Michael Paoli Michael.Paoli at cal.berkeley.edu
Tue Feb 5 01:33:28 PST 2013


So, I've occasionally mentioned before[1], and also elsewhere, e.g.
BUUG[2], some bits about rsync(1), and caveats about using it for
backup purposes, and also a bit more generally about backups, e.g.
[1][3].  Anyway, latest case I had for doing an rsync based
script/program was rather recently.  I do, at least occasionally,
backup vicki[4], most notably bits there of interest to BALUG[5], and at
least sometimes also SF-LUG.  Anyway, I thought it was time I create
script/program(s) related to such to make it not only more convenient,
but at least typically quite a bit faster.  And rsync - at least with
suitable invocation, is well suited to the task.

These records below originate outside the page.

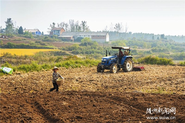 10月30日,随县新街镇墩子湾村杨国洲夫妇正在播种小麦。该镇今年计划播种6.5万亩小麦,目前已完成4.3万亩。进入10月下旬,农民抢抓有利季节,积极进行秋冬播生产,田间地头一派繁忙景象。(随州日报全媒记者李文军摄)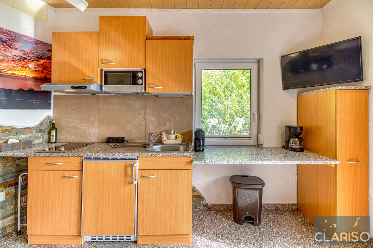 – Kitchenette fonctionnelle (plaque, micro-ondes, réfrigérateur, presse-agrumes, vaisselle, verres, couverts)
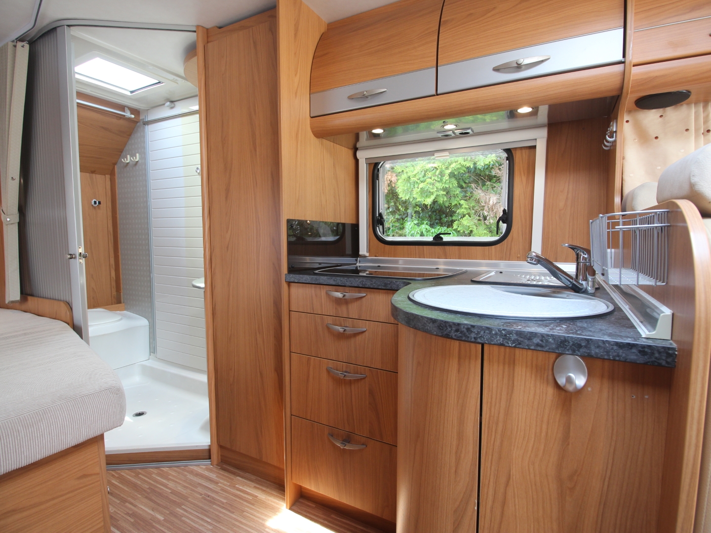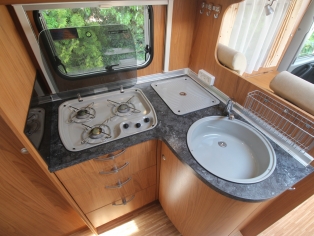 De ingangsdeur is voorzien van een schuifbare hordeur en een elektrisch en geïntegreerde opstap, de royale hoekkeuken bevat een spoelbak en 3 pits kooktoestel en diverse gelagerde laden met verrassend veel bergruimte voor het kookgerei en boodschappen, grote dubbeldeurs koelkast 160 ltr met aparte vriezer en volautomatische omschakeling van 220 Volt / 12 Volt / gas, inclusief een bakoven.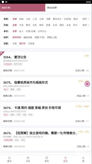 在软件的需求板块,你既能浏览各类插画约稿信息,也能发布不同类型的漫画招聘需求。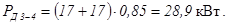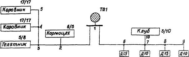 Расчетные нагрузки на участках сети определяется согласно п. 3.1. Расчет ведется с конца линии, например, с участка 3 - 4. По данному участку питаются два коровника (шифр нагрузки - 109), присоединенные в точках 4 и 5. Суммарная активная дневная нагрузка на участке 3 - 4 составит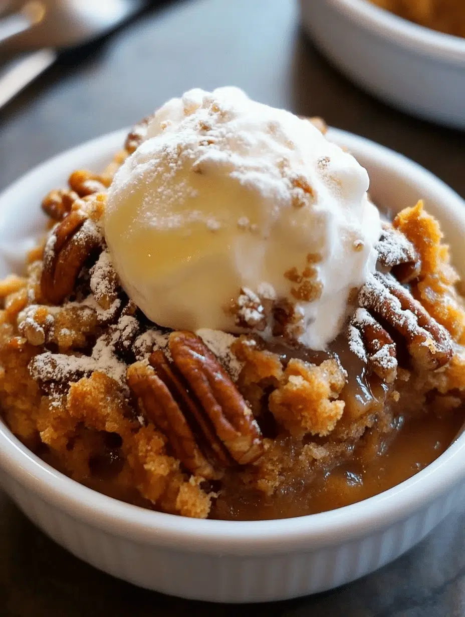 - Irresistible Texture: Creamy pumpkin base, a crunchy pecan topping, and a gooey caramel-like sauce underneath—this cobbler is a textural masterpiece!

In this particular scenario, as is highly typical when I want to use
rsync for backup purposes - and where I or others might possibly end up
quite dependent upon that backup data, I want to quite ensure that the
backups are good, accurate, and complete.  The rsync program, at least
by default, plays a bit loosey-goosey with that, leaning more towards
speed and efficiency over integrity.  It strikes a good balance for
many of its more typical usages, but not exactly the balance I prefer
where I want an at least somewhat higher degree of integrity on
backups.  Fortunately rsync has lots of options, so one can generally
tweak that suitably to one's liking, and I do find its options quite
sufficient for doing so, and to suit my purposes.  One downside/caveat
I've found with that, though - the options tend to change significantly
among various (major) version differences of rsync releases.  So,
unfortunately, it does sometimes need some careful review and
tweaking/updating (e.g. I've written fairly similar scripts before, and
have had to significantly change them due to updated/different versions
of rsync).

Anyway, I give example script[6], and example usage below.  I'm not going
to fully explain rsync (or shell, or ssh, or Perl, or ...) below, or
even anywhere close, but I'll point out at least some of the more
interesting points and bits, and some of the bits that might not be so
obvious or intuitive.

First of all, rsync can be very fast.  Most notably where target already
looks rather to quite similar to source - and that is, in fact, what
rsync very much excels at, and why I chose rsync as key component of
backup in this case (backups happening over Internet, and with at least
one link not or not guaranteed to be especially fast - e.g. not suitable
for regularly streaming full backup of all the source system's data -
but quite fine for grabbing the incremental/differential data - e.g. via
rsync).

Anyway, a bit further below, I first show some example runs of the
script/program (which I called rsync_host2dir[6]), along with timing.  I
don't show the "very first run" - that took on the order of several
hours, as the target was quite out-of-date (had lots of the "user data"
and applications data, but was quite out-of-date and/or relatively
incomplete on most of the rest of the operating system (OS) bits).
However, subsequent backups have generally been comparatively very fast
- e.g. under 6.5 minutes total to fully backup (rsync) 3 hosts (one
physical host, two virtual guest hosts).  The first timing run shown,
was a bit longer (bit under 38 minutes for one of the hosts), but in
that case the host had somewhat over 380 MiB of additional new data.
All three hosts, combined, have roughly around 8 MiB total of data of
interest (actual data on filesystems, excluding: easily reobtained OS ISO
images, some FSH[7] volatile contents such as on/under /tmp,
virtual/pseudo filesystems such as /proc and /sys, purely redundant
filesystems such as an bind mount, and one rather ancient no longer very
important backup of a much older predecessor host).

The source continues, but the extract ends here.